Emotional support animals (ESAs) are necessary companions for many, though there are often questions about which animals can be ESAs. Can stereotypically aggressive breeds be ESAs? Can a pitbull be an ESA? In this article, we will provide insight into whether or not pitbulls can be emotional support animals and the basic steps to ensure your ESA is able to stay by your side.
What Is an Emotional Support Animal (ESA)?
An emotional support animal, sometimes referred to as a companion animal, provides relief from certain mental health conditions and disabilities with their presence. ESAs are not trained to help with specific disability-related tasks, and they are granted different federal and state-level protections because of this.
You can expect your emotional support animal to be granted housing protections by the Fair Housing Act, which will excuse you from paying any pet fees, pet security deposits, or adhering to pet-related restrictions around your apartment or home.
Are There Breed Restrictions for ESAs?
Any animal can be an ESA, including animals that aren’t dogs or cats. As long as you can reasonably care for your emotional support animal within your housing unit and you have a letter attesting to your need for an emotional support animal, you will be able to take advantage of federal housing protections.
There are no breed restrictions for ESAs, and pitbulls can become emotional support animals. It’s especially helpful for pitbull owners who depend on their ESA dog for support and comfort to receive an official letter from a licensed mental healthcare provider; pitbulls are often the subject of breed restrictions in housing units, and having an officially registered ESA can ensure you keep your dog by your side no matter what.

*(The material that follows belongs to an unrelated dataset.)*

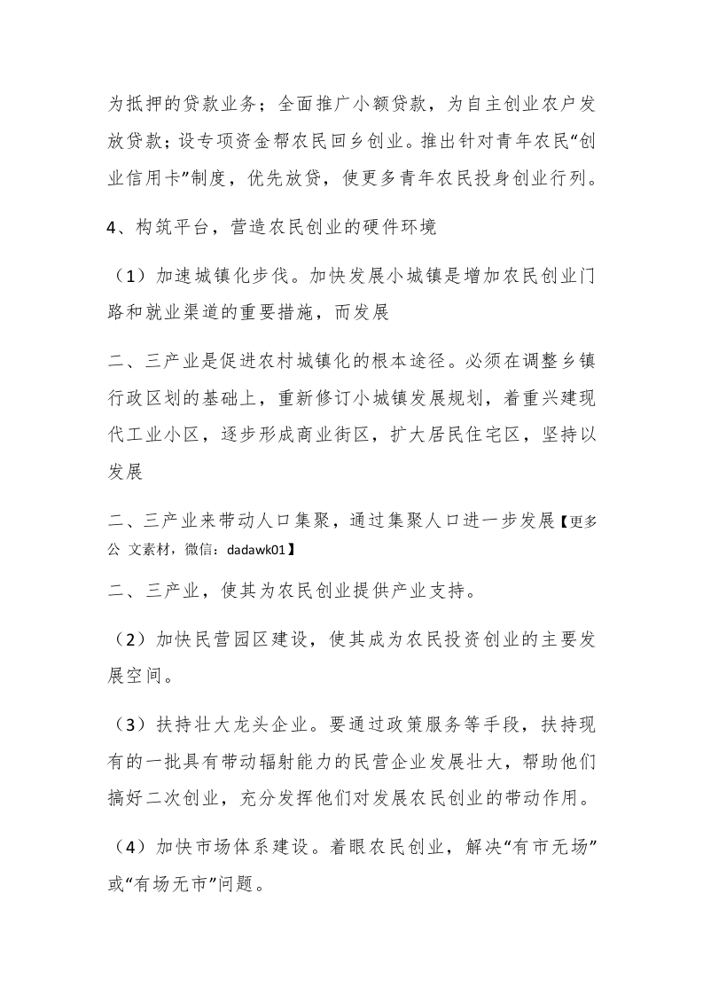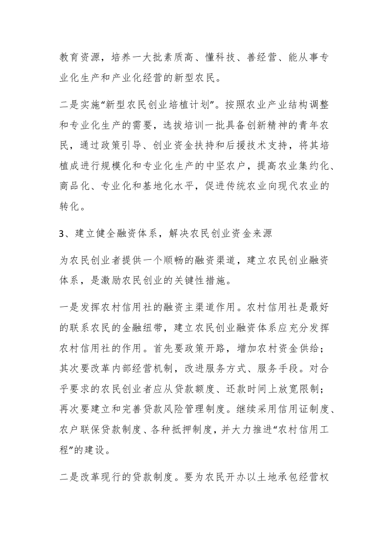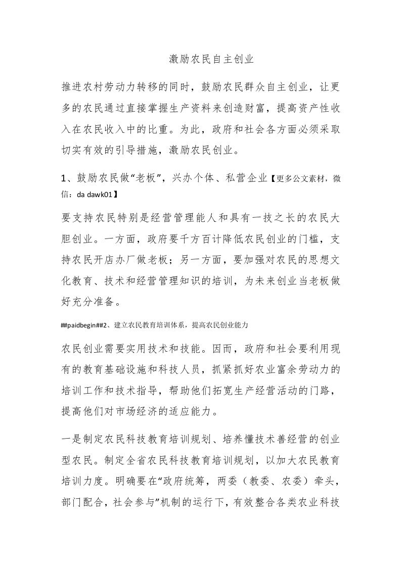 激励农民自主创业推进农村劳动力转移的同时,鼓励农民群众自主创业,让更多的农民通过直接掌握生产资料来创造财富,提高资产性收入在农民收入中的比重。为此,政府和社会各方面必须采取切实有效的引导措施,激励农民创业。1、鼓励农民做“老板”,兴办个体、私营企业【更多公文素材,微信:da dawk01】要支持农民特别是经营管理能人和具有一技之长的农民大胆创业。一方面,政府要千方百计降低农民创业的门槛,支持农民开店办厂做老板:另一方面,要加强对农民的思想文化教育、技术和经营管理知识的培训,为未来创业当老板做好充分准备。#paidbegin#2、建立农民教育培训体系,提高农民创业能力农民创业需要实用技术和技能。因而,政府和社会要利用现有的教育基础设施和科技人员,抓紧抓好农业富余劳动力的培训工作和技术指导,帮助他们拓宽生产经营活动的门路,提高他们对市场经济的适应能力。一是制定农民科技教育培训规划、培养懂技术善经营的创业型农民。制定全省农民科技教育培训规划,以加大农民教育培训力度。明确要在“政府统筹,两委(教委、农委)牵头,部门配合,社会参与”机制的运行下,有效整合各类农业科技

How Can I Make My Pitbull an ESA?
If you want to make your pitbull an emotional support animal, you will need to meet with a licensed mental healthcare provider in your state. Your provider will be able to speak with you about your condition and symptoms, and if you are found to be eligible for an emotional support animal, they will draft you a letter stating this need. You can then show the letter to landlords or rental agencies to prove your need for an ESA and take advantage of your fair housing rights.
It’s important to be wary of scams and websites that offer templated ESA letters, as these will likely not qualify you for emotional support animal accommodations. Your ESA letter must be written by a licensed mental healthcare provider in your state for it to be considered legitimate.
When Your ESA Might Be Denied
After you have your pitbull registered as an emotional support animal, it’s important to keep in mind that there are still some situations in which your ESA might be denied by a landlord. Typically, your ESA will be denied because:
- Your dog is dangerous, out of control, or aggressive
- Your dog is destructive and creating problems on a property
- Your dog is unable to be accommodated in your chosen housing unit, such as the unit being too small for your ESA
In most cases, well-behaved and trained animals must be granted emotional support animal accommodations, regardless of any breed or pet restrictions a landlord or rental agency has in place. If you believe you have been unfairly denied, you may need to consult the Fair Housing Act or meet with a lawyer to explore your options.
Keeping Your ESA Pitbull at Your Side
Emotional support animals are important for many people, and if you have a pitbull that supports you, comforts you, or otherwise relieves symptoms of a mental health condition or disability, you may want to officially register them as an ESA. When your pitbull is a legitimate ESA, they will be exempt from breed restrictions and pet fees, and they will easily be able to stay by your side no matter which housing unit you are in.